I woke up a few days ago feeling, well, lousy. I had a sore throat, and I was coughing some. Nothing terrible, mind you, just kind of . . . off. I'd been having some pesky but relatively unconcerning symptoms for a few days -- mostly just a slightly elevated heart rate and some high blood sugars, and a couple of instances where I felt breathless. Then the other night I climbed the stairs in my apartment and starting feeling breathless and wheezy. I grabbed my pulseox more out of habit than concern and popped it on my finger.

91.

Ridiculous, I thought. I haven't been below 96 or so since my transplant, even when sick, and I typically run at 100 these days. So I switched the batteries, put it back on and . . .

92.

I almost laughed out loud at that point, just because it seemed so impossible. I walked into my living room, plugged in my old monster wall pulseox that came with my O2 concentrator (the same pulseox that I haven't used in 2 full years), and stuck my finger in the monitor.

91.

And that's when I just got angry.

I did manage to get it back up about an hour or two later, after several sinus rinses and finally coughing up what looked like an old-fashioned CF mucus plug. And then the next day I put my normal skepticism aside and dutifully called my coordinator like a good little patient. I didn't tell her that I first recognized the problem while walking up the stairs after watching both "Toddlers and Tiaras" and "Here Comes Honey Boo Boo" on TLC (hey, there are some things even my transplant team doesn't need to know!), but I was pretty honest about the rest of it. The weird thing is that I don't have a fever, am not coughing heavily, and don't have a ton of other symptoms other than some yellowish mucus and a persistent sore throat (and I've lost some weight, but I tend to lose weight if I so much as look at a low fat muffin, so that's not much help). In fact, after two days on antibiotics I'm starting to feel like nothing was ever wrong in the first place.

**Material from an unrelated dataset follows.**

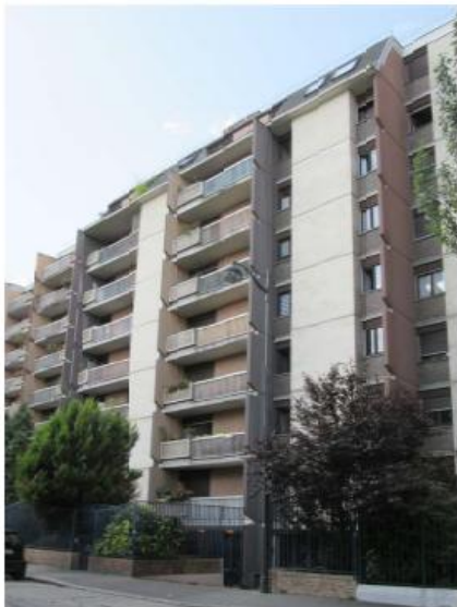
DP 6.1 - Photo du projet (Les antennes ne sont pas visibles depuis ce point de vue)

Except for those pesky O2 sats, that is. They keep dipping and rising, apparently just for the fun of it. When I'm walking around they can go down to the low 90s, and when I'm sitting or lying down they tend to hang out around 97-98.  Other than that everything seems to be looking up, and my mucus and cough have already settled down to pretty much nothing. I'm not sure how the bronchoscopy I have scheduled for Monday is going to go. If I continue to clear things out with rinses and the cough continues to lessen, I'd guess that it won't really show anything at all, which of course is my preferred result.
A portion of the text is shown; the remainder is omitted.